Talvez por castigo do céu e das heresias que vem pensando, o viajante, no trânsito que faz para o Museu Machado de Castro, apanha a primeira pancada de água. O que lhe vale é ser perto. Entra, sacudindo-se, responde ao compreensivo sorriso dos empregados, que ficam muito contentes por ver o viajante. Não que o conheçam, mas são pessoas que gostam de mostrar as preciosidades que guardam, e o viajante, enquanto a visita durar, será o único visitante. É certo que estamos em Janeiro, que ainda vem longe o tempo do grande leva-e-traz turístico, mas faz pena ver guias que não têm que guiar e peças de arte sem olhos que as tornem preciosas. O viajante decide ser egoísta: “Melhor para mim, mais regalado vejo.” Regalado viu, em verdade. O Museu Machado de Castro tem a mais rica coleção de estatuária medieval que em Portugal existe, pelo menos do que à vista do público se encontra. De tal maneira que as imagens, pela proximidade a que as obriga a relativa exiguidade das instalações do museu, acabam por perder individualização e formam uma espécie de imensa galeria de personagens cujas feições se esbatem. Há exagero aqui, claro está, mas o viajante quereria ver cada uma destas peças isolada, com espaço livre ao redor, sem que os olhos, observando um anjo, estivessem já a ser captados por um santo. São pontos de minúcia que só chama à conversa porque está perante um tesouro de incalculável valor artístico. (…) Este Cristo jazente do século XV, misteriosamente sorrindo, como quem está seguro de que ressurgirá dos mortos. O viajante não vai pôr-se a discutir tais ressurreições, prefere ver na figura inerte a imagem dos homens caídos que se levantam, e sorriem da certeza de que se levantarão, ou outros mais tarde, se eles já não puderem.

O viajante mete-se à chuva. Vai ver a Casa do Navio, e depois torna à Alta, não pode vir a Coimbra sem ver a Casa de Sub-Ripas, tão carcomida, coitada dela e de nós, e a Torre de Anto, onde viveu António Nobre, que há-de ter sido o último castelão de vocação verdadeira. Se lá mora hoje alguém, o viajante não sabe. Podia ter averiguado, mas nem tudo lembra. Além disso, com toda esta chuva, é o único ser vivo que desafia as cascatas que vêm lá de cima. Torna abaixo, entra no Jardim da Manga, que parece um charco, e vai apreciar o templete, tão parecido com o da Igreja da Tocha.
Neste deambular se faz tarde, o viajante deita contas se há-de ir a Santa Clara, e, embora sobre o Mondego estejam desabando cordas de água, aí vai. Lá para baixo é o Choupal, aonde não irá: sente-se anfíbio, mas ainda tem certa dificuldade em se servir das guelras.

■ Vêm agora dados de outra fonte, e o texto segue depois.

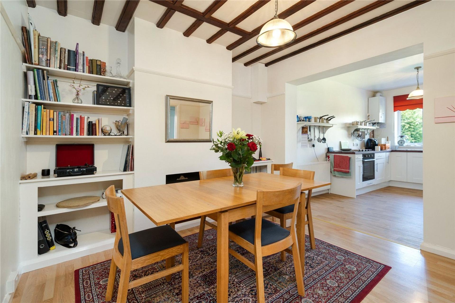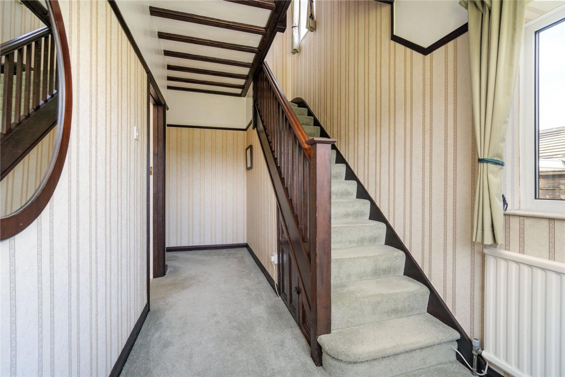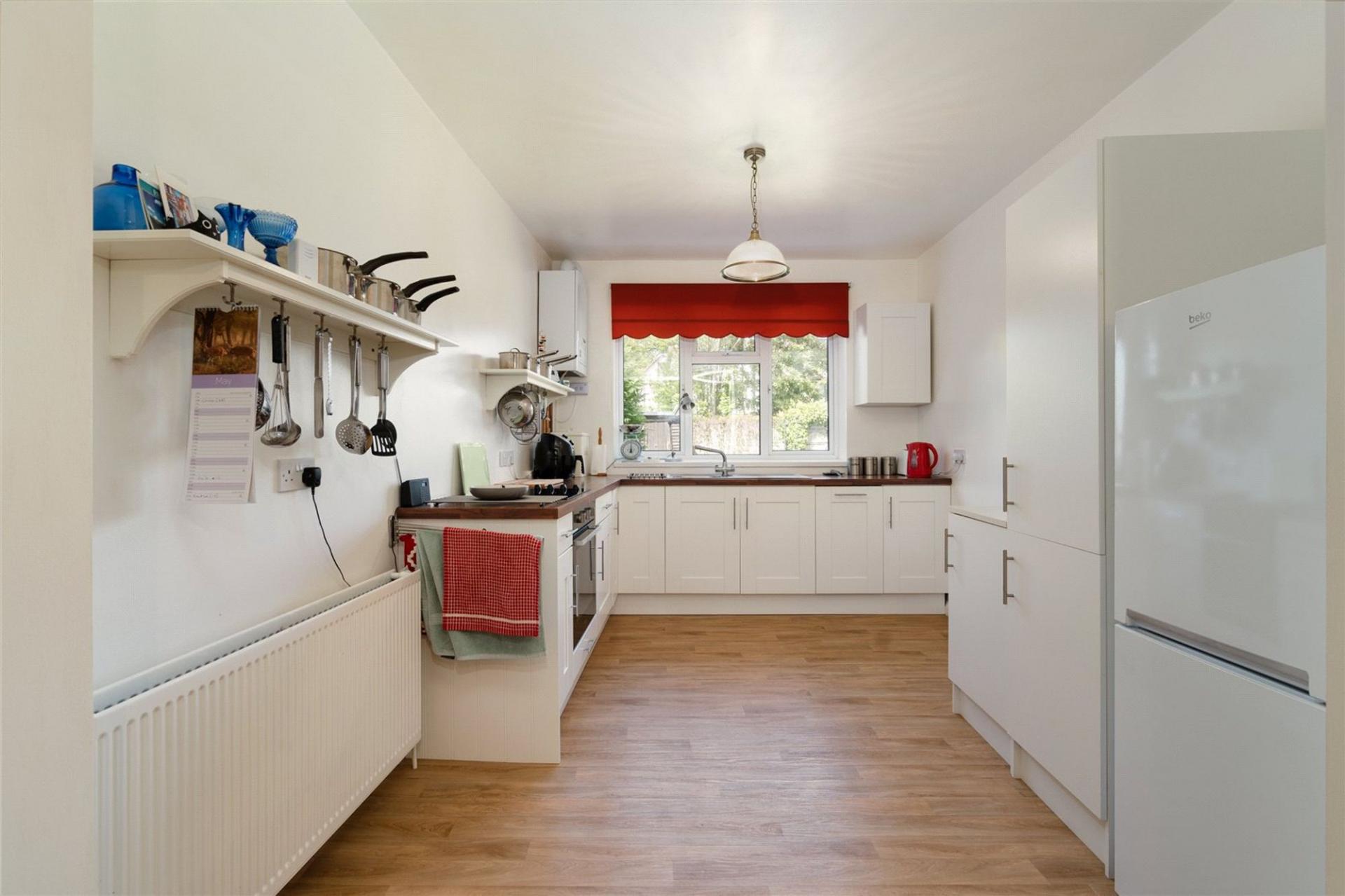 Homeleigh is approached via a long front garden, being set well back from the road and providing 2/3 off road parking spaces. The pretty front garden is well stocked with flower beds and shrubs with a pathway leading to the front door. The Lounge overlooks the front garden and has beams to the ceiling and an original fireplace surround with gas fire. The dining room has fitted shelving to each side of the fireplace, fitted with an electric fire but with the chimney still in place if an open fire is required. The kitchen is open plan to the dining room and is fitted with a range of white fronted kitchen units incorporating oven, hob, dishwasher and space for fridge/freezer. A door from the kitchen leads to a Utility Room with plumbing for washing machine and tumble dryer and with a useful downstairs cloakroom off and a door to the downstairs bedroom or family room which has doors to the rear garden. (This room is separated from the Kitchen by a stud wall, so could easily be opened up to create a larger kitchen/family room).

Santa Clara-a-Velha vê-se muito bem à distância, mas depois, dá-se a volta, segue-se ao longo de uns prédios, e o mosteiro desparece. Enfim torna a aparecer, é uma construção arruinada, melhor ainda, uma ruína total, confrange-se o coração de ver tal abandono sob a grande chuva que continua a cair. Há aqui uma escada de ferro, é legítimo subi-la, ao menos para procurar abrigo, e quando lá está dentro pode fechar o guarda-chuva, dar as boas-tardes ao guarda, que é surdo e responde pelo mexer dos lábios ou se lhe gritam alto, e estando isto esclarecido, olha enfim os grandes arcos, as abóbadas, e também o céu através dos rasgões das paredes. Santa Clara-a-Velha foi convento feminino, e, realmente, há nesta melancólica igreja uma atmosfera particular de gineceu, ou diz o viajante porque já o sabia.